Caught from a hillstream drains into sea directly somewhere in Shenzhen. First took a 2 hours ride then hired a motorbike to the location. Caught these fish in the very first spot I tried(to be frank, only found single promising stream). Caught them in freshwater part but these fish are known to spawn in sea and swim up stream after hatching. Algae eaters so should do very well in my no-longer-planted-but-algae tank. 








Swee leh.... :Grin:

----------


## ranmasatome

WAh... blue blue leh.. very nice...
swee indeed..

----------


## andrewtyr

how big is it?

----------


## Ah_ZhaN

I love it a lot...thanks for sharing. Hope to see it someday in Singapore.  :Smile:

----------


## Quixotic

> ...Caught them in freshwater part but these fish are known to spawn in sea and swim up stream after hatching...

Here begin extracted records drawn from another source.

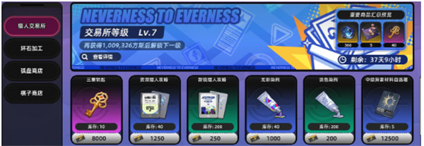 第二种是猎人交易所兑换,这个就比较直接了。用游戏里面的基础货币方斯就能换,而且上限很高,理论上可以直接把每期的钥匙额度拉满。方斯这个货币平时做日常任务、清体力都会掉落,积累速度还算可以。对于不想氪金又想稳定获取武器的玩家来说,这条渠道算是最靠谱的。
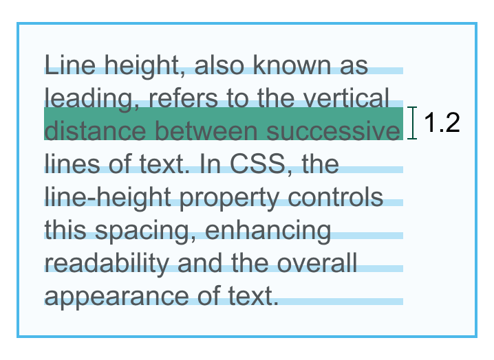 Line height measures the distance from one line’s text baseline to the next line’s text baseline. The following image shows an example of how Line height is measured.
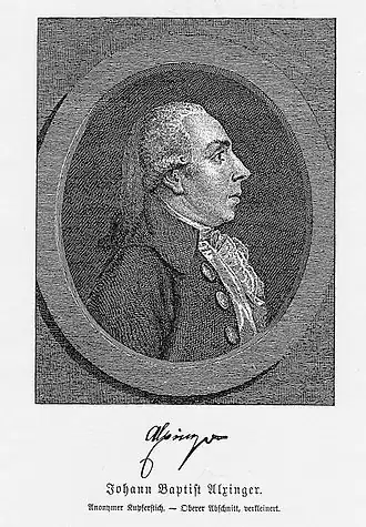 - Альксингер, Иоганн Батист // Энциклопедический словарь Брокгауза и Ефрона : в 86 т. (82 т. и 4 доп.). — СПб., 1890—1907.

This is something new. Are there any detailed spawning accounts? Applicable for all _Stiphodon_ sp.?




> I love it a lot...thanks for sharing. Hope to see it someday in Singapore.


I thought they were here before, the neon blue gobies but then, maybe they were not properly identified.

----------


## MrTree

Probably yes, but some might spend the entire life is freshwater, not sure.

This is goby is around 4 cm, but female can be bigger, 5 cm.

----------


## benny

Woah! Such electrifying colors! Brilliant!

And good photography too. This fish is not the easiest to shoot.

Cheers,

----------


## MrTree

I shot it with old 35 - 80 mm lens, then used the + 2 Marumi close up lens..bo bian the Tamron still not with me yet...sighh

----------


## stormhawk

Beautiful fish and equally beautiful shots Tree.  :Wink: 

As for this goby, I've seen locally before. The only time I saw a live male exhibiting this electric blue and jet black colouration was in a tank at Choong Sua Aquarium. That was before it closed down. That was the best specimen I've seen so far locally. They're not easy to maintain in a community tank, but the one at CS survived for many years.

----------


## waterfaller1

Anyone keeping this fish with success? Any tips on what they like to eat? :Smile:

----------


## Quixotic

Algal grazers. They won't mind processed foods, sinking tablets and discs, flakes etc.

----------


## windcharm

Cannot imagine such a small fish can have the "power" to swim upstream...

----------